═════ SUPPLIED DATA
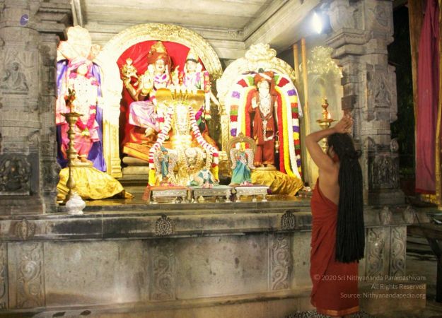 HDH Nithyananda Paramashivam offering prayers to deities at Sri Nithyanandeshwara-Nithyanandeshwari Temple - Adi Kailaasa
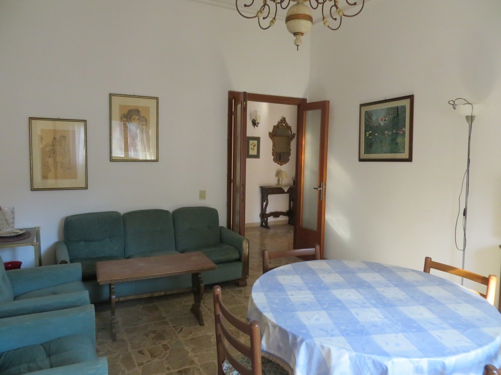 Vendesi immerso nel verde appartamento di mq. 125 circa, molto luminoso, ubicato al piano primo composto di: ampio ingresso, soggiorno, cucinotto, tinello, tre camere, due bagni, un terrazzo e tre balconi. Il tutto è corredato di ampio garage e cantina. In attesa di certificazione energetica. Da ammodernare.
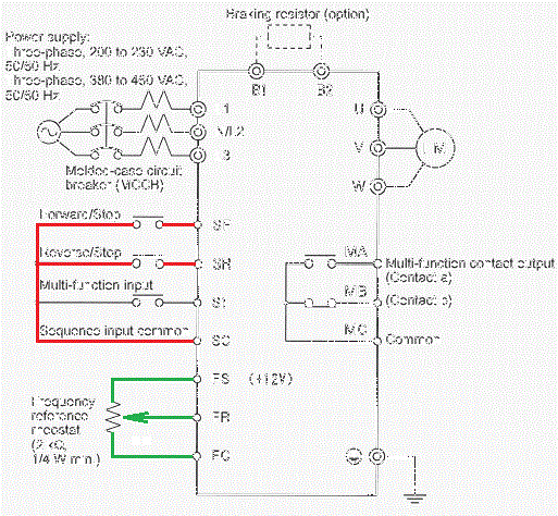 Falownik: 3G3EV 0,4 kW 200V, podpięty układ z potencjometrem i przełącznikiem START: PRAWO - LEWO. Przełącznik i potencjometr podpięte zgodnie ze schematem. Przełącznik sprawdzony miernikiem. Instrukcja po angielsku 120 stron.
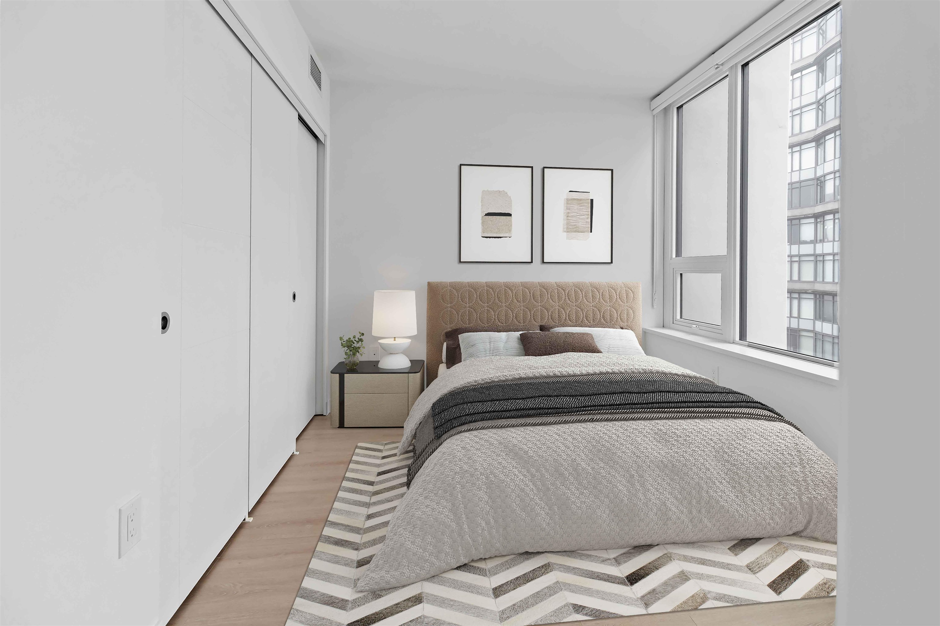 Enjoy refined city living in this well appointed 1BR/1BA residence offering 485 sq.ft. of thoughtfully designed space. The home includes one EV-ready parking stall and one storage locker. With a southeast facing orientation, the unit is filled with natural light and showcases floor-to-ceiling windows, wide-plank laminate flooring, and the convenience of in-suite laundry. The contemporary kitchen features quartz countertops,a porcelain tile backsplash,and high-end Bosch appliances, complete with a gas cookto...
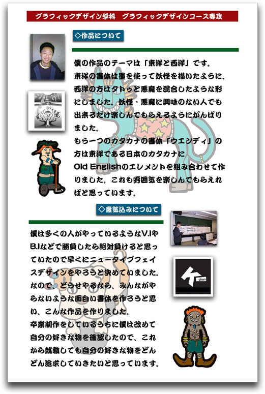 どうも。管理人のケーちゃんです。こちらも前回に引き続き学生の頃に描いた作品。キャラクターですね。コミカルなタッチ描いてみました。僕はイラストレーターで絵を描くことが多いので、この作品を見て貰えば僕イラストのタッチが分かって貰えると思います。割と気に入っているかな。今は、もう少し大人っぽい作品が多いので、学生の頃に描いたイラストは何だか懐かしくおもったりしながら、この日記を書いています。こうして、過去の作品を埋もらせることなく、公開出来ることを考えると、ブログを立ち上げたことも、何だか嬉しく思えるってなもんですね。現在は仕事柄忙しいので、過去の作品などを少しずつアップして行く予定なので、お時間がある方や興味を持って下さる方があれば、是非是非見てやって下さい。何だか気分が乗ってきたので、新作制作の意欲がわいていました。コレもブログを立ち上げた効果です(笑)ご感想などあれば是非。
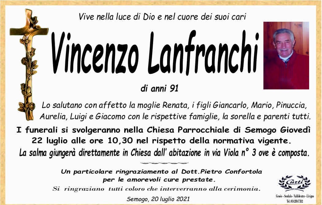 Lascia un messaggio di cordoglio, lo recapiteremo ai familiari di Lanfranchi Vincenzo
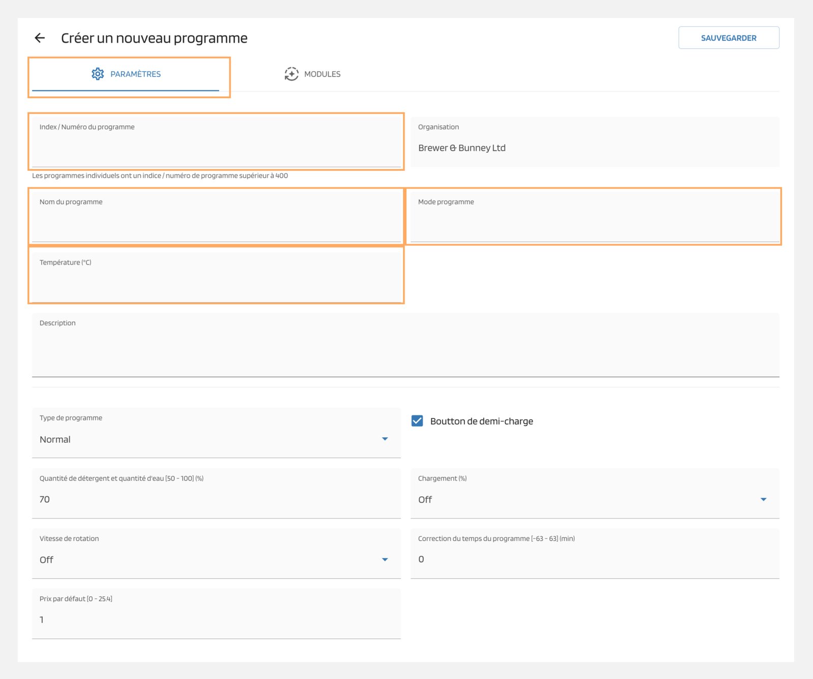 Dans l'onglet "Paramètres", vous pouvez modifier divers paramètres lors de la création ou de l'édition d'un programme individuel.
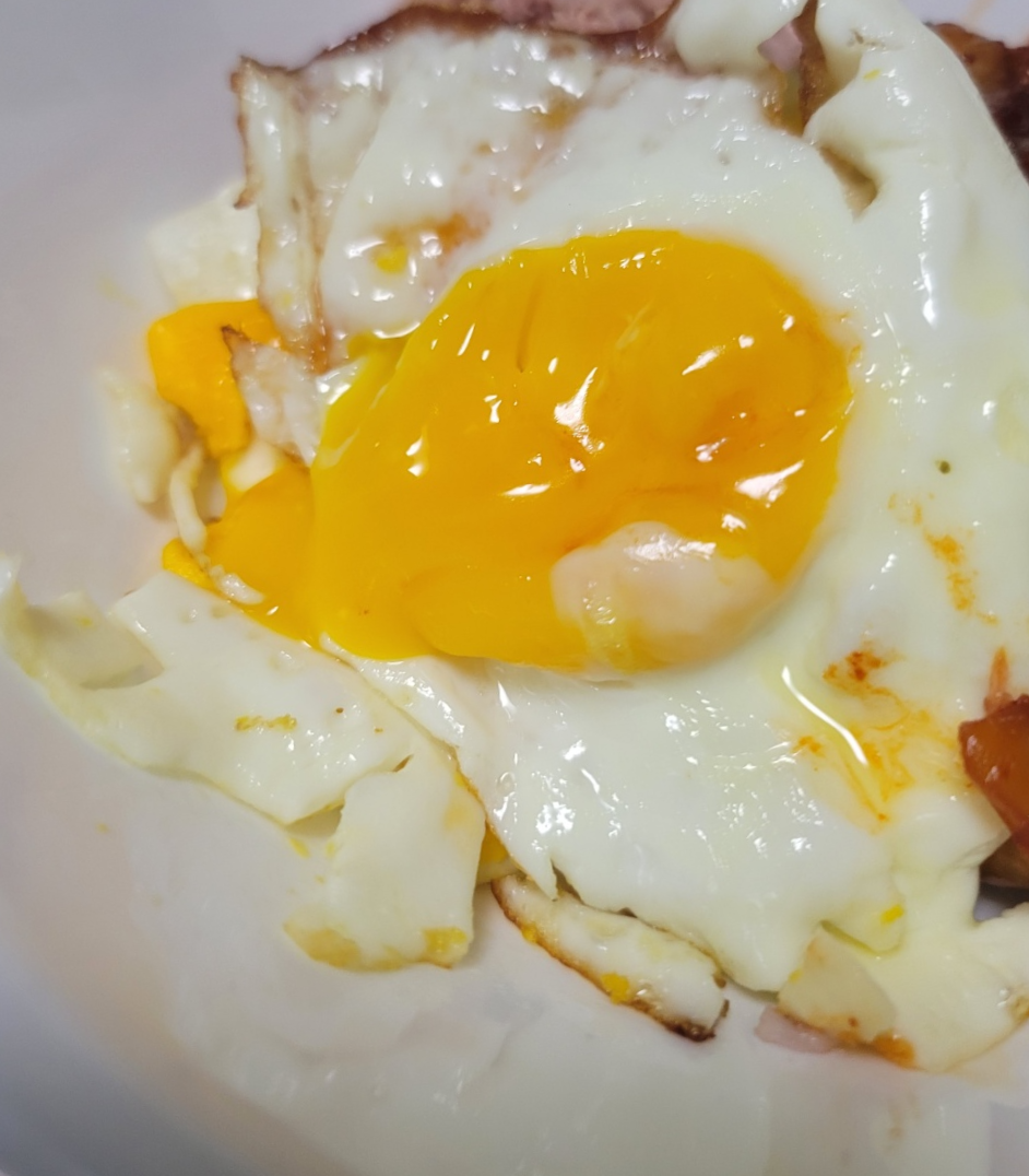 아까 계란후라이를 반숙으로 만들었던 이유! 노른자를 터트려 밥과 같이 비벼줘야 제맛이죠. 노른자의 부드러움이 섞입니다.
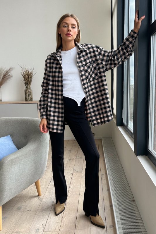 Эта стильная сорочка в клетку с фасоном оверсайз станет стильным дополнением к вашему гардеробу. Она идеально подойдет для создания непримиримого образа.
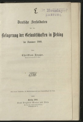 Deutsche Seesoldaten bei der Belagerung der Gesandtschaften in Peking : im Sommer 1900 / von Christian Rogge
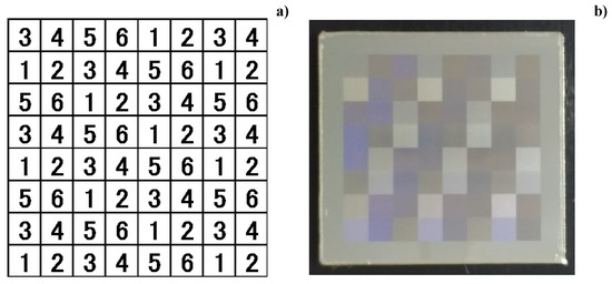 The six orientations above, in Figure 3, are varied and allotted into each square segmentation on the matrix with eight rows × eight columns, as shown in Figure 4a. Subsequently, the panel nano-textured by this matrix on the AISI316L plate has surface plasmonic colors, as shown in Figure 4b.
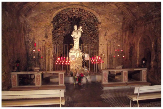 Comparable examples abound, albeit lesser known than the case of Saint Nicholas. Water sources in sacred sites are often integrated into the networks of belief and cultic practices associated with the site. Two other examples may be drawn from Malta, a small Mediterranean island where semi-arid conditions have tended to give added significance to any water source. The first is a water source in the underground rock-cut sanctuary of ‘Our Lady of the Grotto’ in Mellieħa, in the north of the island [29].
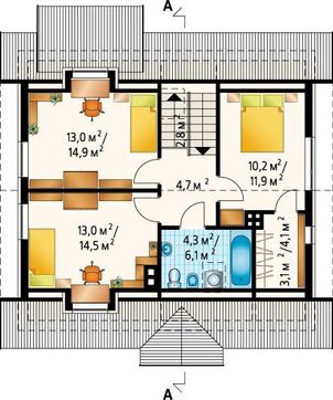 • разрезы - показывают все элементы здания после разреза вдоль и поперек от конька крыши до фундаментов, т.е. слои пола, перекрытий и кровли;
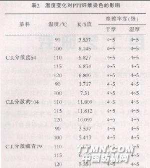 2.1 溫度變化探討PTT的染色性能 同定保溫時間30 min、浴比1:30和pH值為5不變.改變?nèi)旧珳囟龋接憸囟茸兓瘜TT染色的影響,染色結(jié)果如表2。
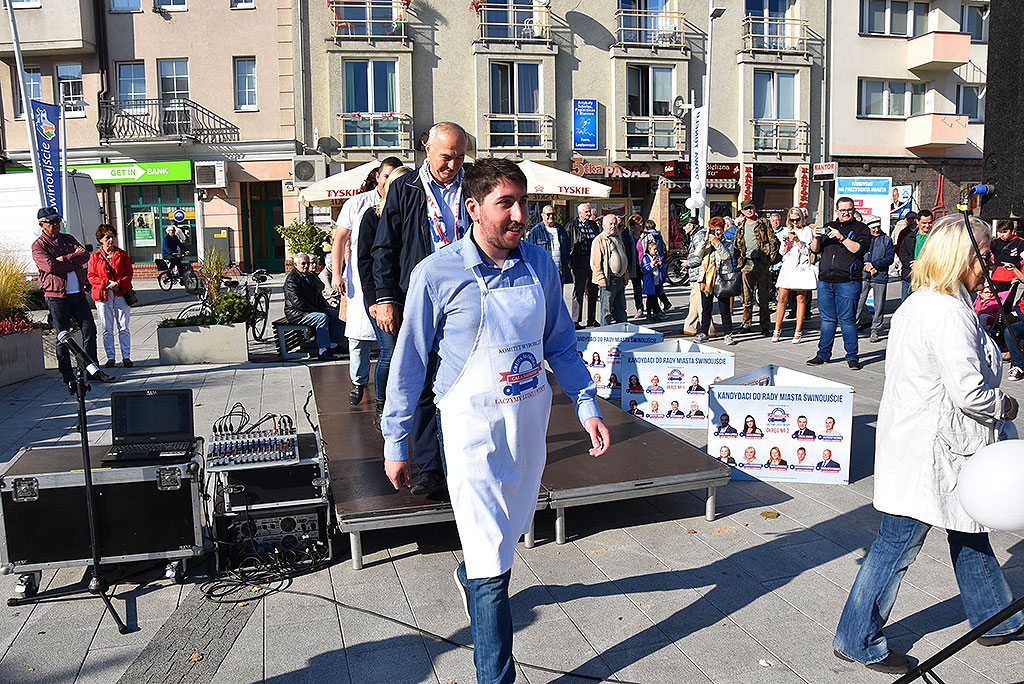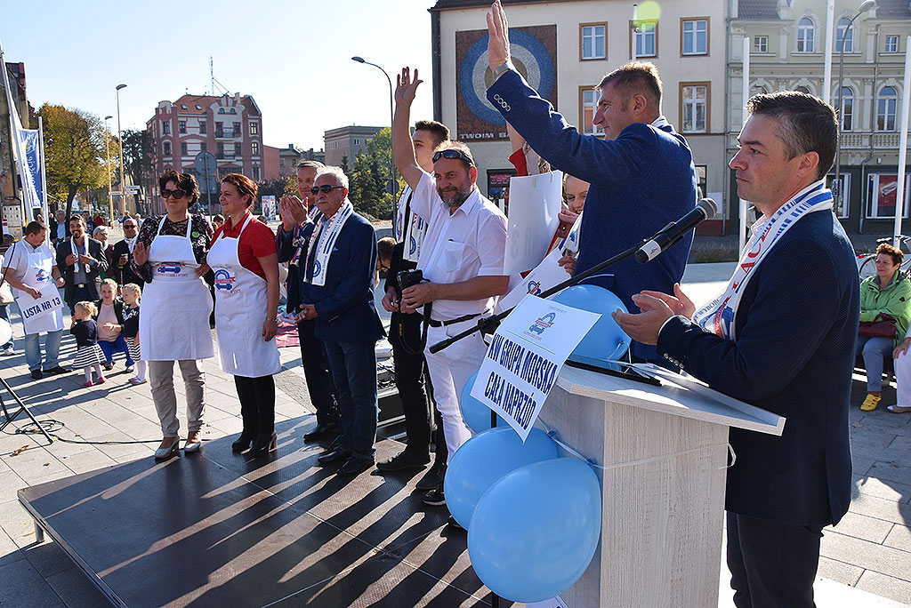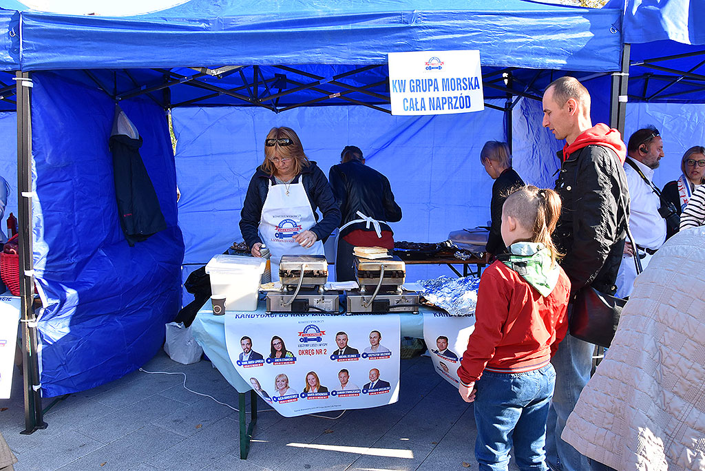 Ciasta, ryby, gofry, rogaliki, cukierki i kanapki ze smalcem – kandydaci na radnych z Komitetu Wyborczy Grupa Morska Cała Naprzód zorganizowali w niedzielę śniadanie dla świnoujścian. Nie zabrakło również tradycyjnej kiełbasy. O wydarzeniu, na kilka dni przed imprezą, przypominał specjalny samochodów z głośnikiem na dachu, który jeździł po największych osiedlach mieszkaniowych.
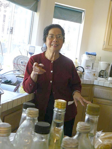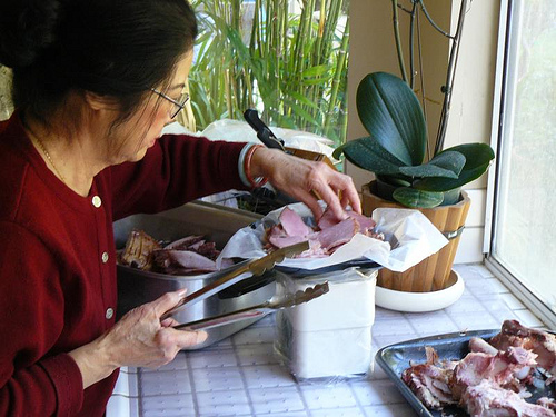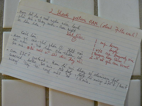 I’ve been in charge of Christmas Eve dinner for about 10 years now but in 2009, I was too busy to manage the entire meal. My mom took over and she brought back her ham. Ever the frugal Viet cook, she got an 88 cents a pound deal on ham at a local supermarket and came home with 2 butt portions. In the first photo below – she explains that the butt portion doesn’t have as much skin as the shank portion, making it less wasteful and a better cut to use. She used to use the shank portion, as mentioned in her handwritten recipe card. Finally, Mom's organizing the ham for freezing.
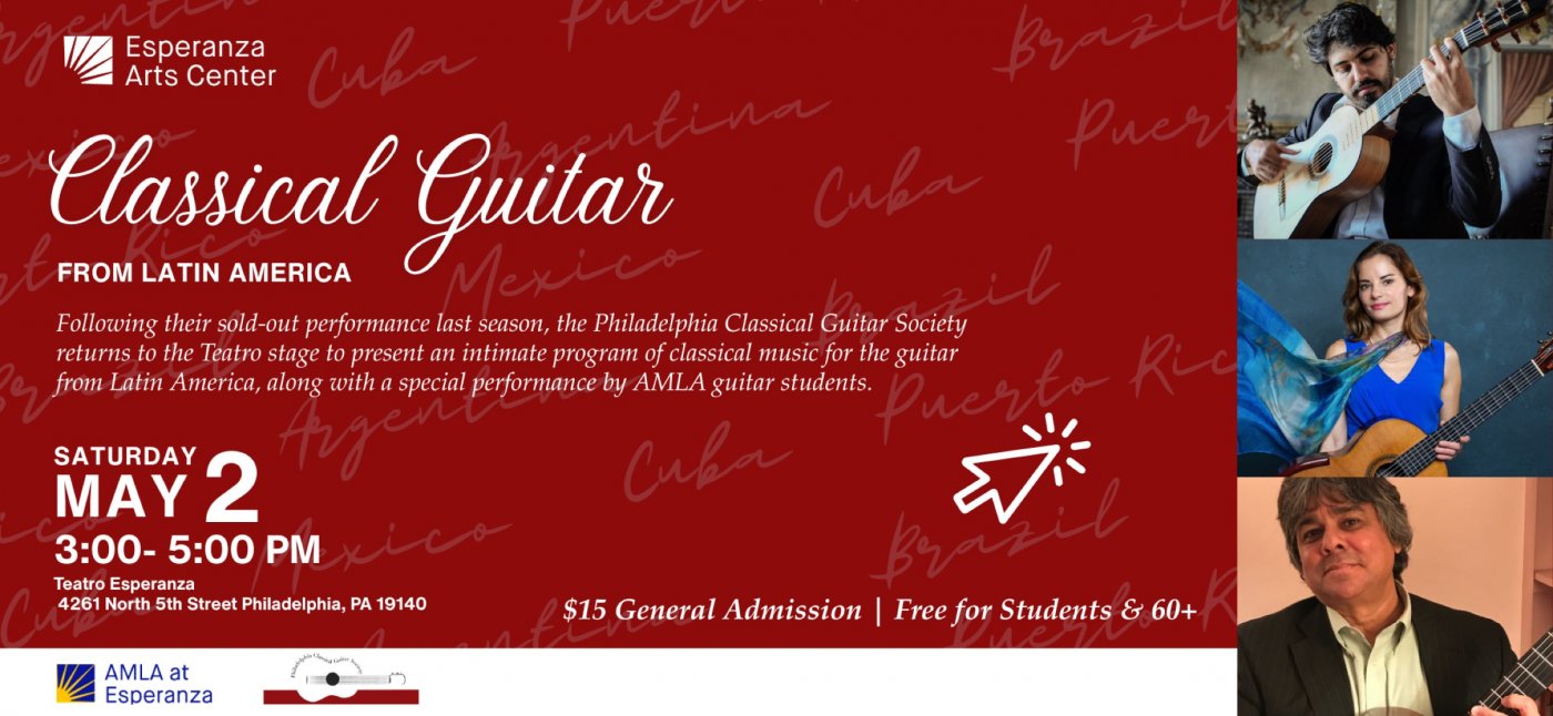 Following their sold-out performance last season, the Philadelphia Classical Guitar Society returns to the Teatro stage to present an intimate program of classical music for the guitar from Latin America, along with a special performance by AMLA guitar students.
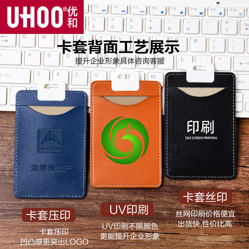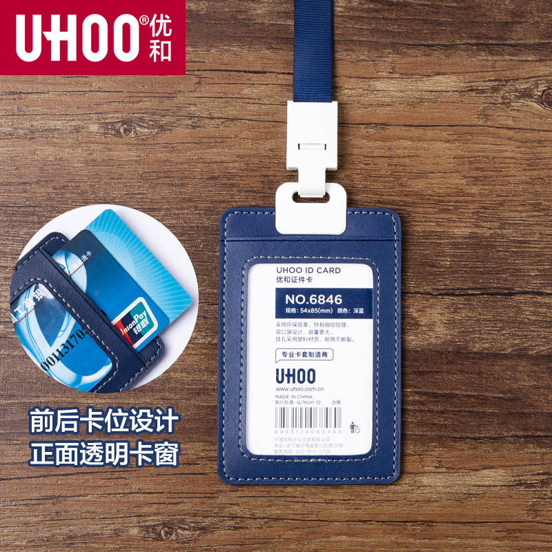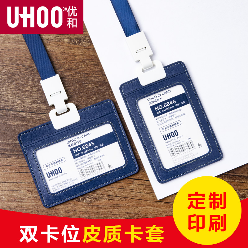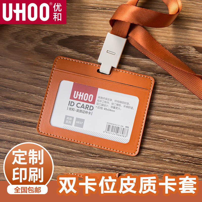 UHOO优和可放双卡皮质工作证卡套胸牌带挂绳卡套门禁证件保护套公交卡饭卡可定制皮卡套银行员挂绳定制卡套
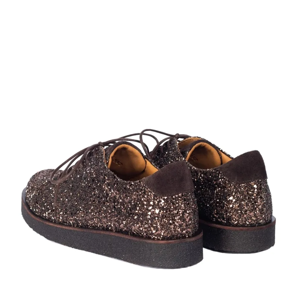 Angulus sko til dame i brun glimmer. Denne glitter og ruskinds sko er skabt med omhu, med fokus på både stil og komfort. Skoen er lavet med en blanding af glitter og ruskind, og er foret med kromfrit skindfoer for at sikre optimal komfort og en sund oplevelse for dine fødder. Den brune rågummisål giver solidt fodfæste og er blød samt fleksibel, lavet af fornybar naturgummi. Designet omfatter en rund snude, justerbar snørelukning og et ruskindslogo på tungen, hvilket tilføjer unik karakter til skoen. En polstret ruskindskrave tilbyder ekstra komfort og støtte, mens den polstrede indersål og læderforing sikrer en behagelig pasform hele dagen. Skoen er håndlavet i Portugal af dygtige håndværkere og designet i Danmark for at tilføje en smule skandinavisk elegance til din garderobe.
══════════
WHAT YOU NEED TO DO
In the records above, everything from the line with "Following their sold-out" down to the line with "UHOO优和可放双卡皮质工作" is to be set down exactly, both ends included, with no pictures and no other lines.

EXERCISE OUTPUT
 Following their sold-out performance last season, the Philadelphia Classical Guitar Society returns to the Teatro stage to present an intimate program of classical music for the guitar from Latin America, along with a special performance by AMLA guitar students.
 UHOO优和可放双卡皮质工作证卡套胸牌带挂绳卡套门禁证件保护套公交卡饭卡可定制皮卡套银行员挂绳定制卡套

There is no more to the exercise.